__Recorded information__.
#####

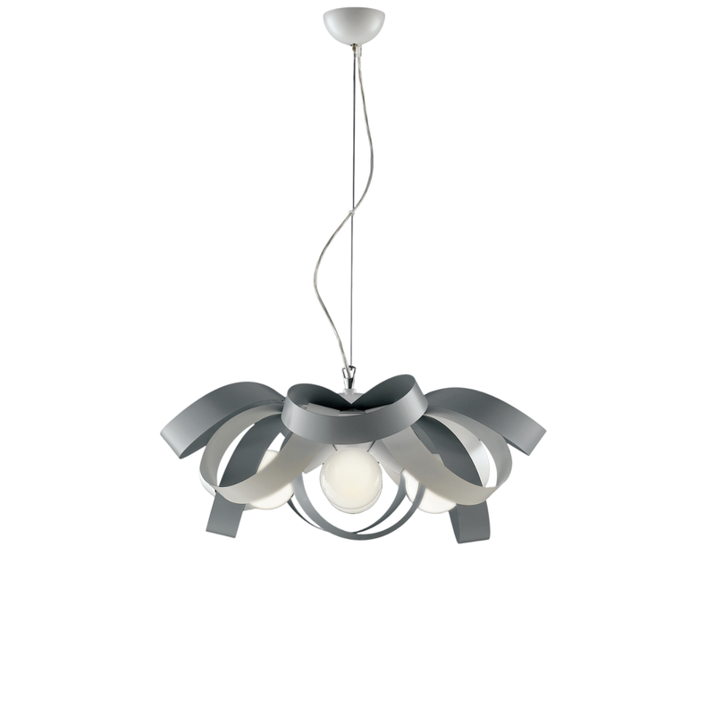 Primula Suspension en fer laqué blanc et gris avec câble acier orientable 4 lumières 138 d.66 BL145-4-BG
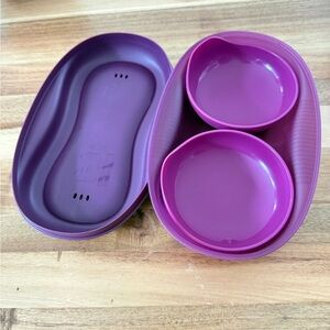 Three-piece Tupperware set in vibrant purple. Includes :
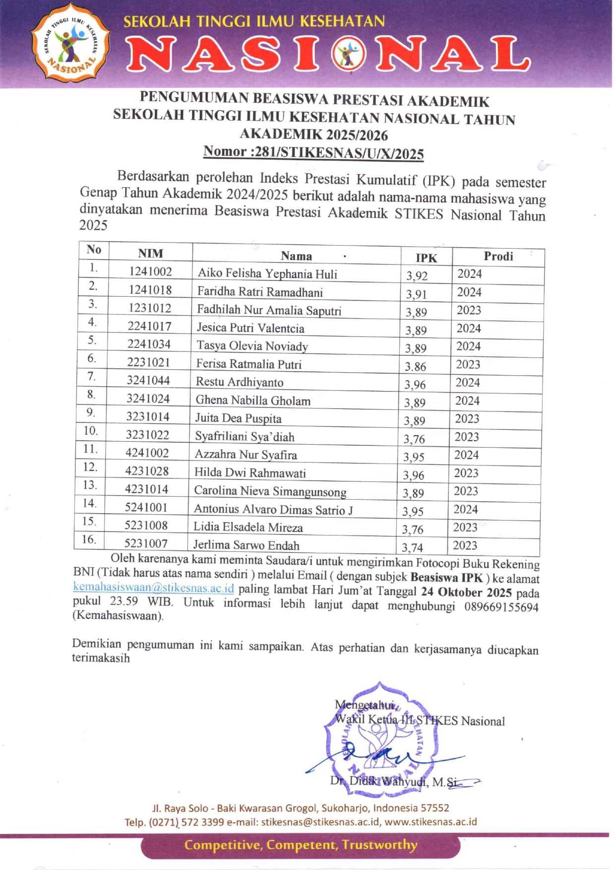 Pengumuman Penerima Beasiswa Prestasi Akademik 2025 2026
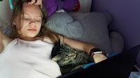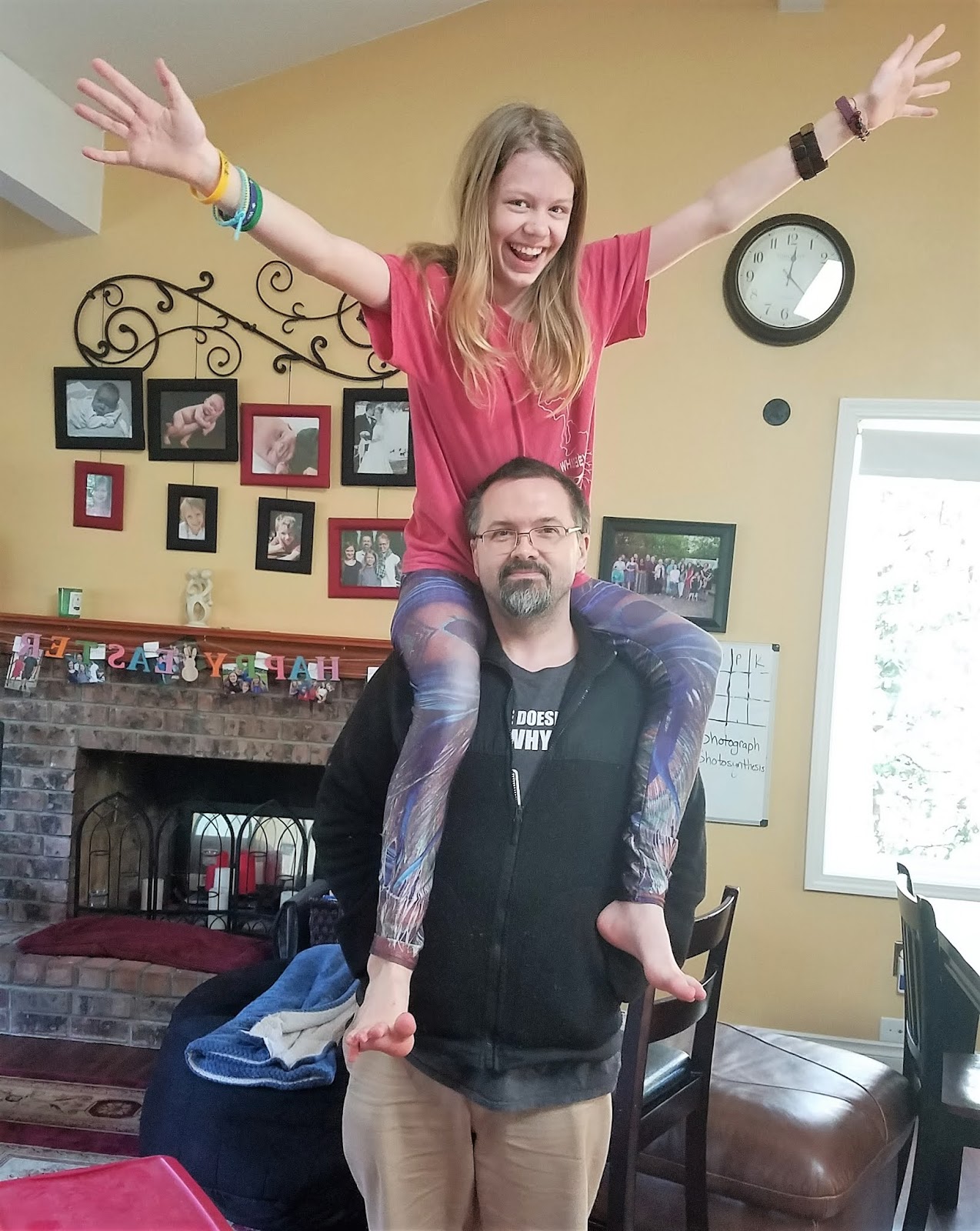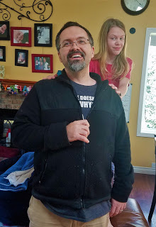 I came up with a bacon, bread, and blueberry breakfast to eat while we watched the service on youtube live. Then the Evil Easter Bunny hid the bunnies with clues of where the baskets were hidden. Dwayne got to learn that we keep the extra airfilters in a box on top of the wardrobe in the mudroom. All these years, and he was unaware….much to EEB’s knowledge and amusement.

#####

__Exercise goal__. Nothing but the lines from the one that contains "Pengumuman Penerima Beasiswa" through the last line of the material should be written out, exactly. Omit pictures.

__Solution to this exercise__.
 Pengumuman Penerima Beasiswa Prestasi Akademik 2025 2026
 I came up with a bacon, bread, and blueberry breakfast to eat while we watched the service on youtube live. Then the Evil Easter Bunny hid the bunnies with clues of where the baskets were hidden. Dwayne got to learn that we keep the extra airfilters in a box on top of the wardrobe in the mudroom. All these years, and he was unaware….much to EEB’s knowledge and amusement.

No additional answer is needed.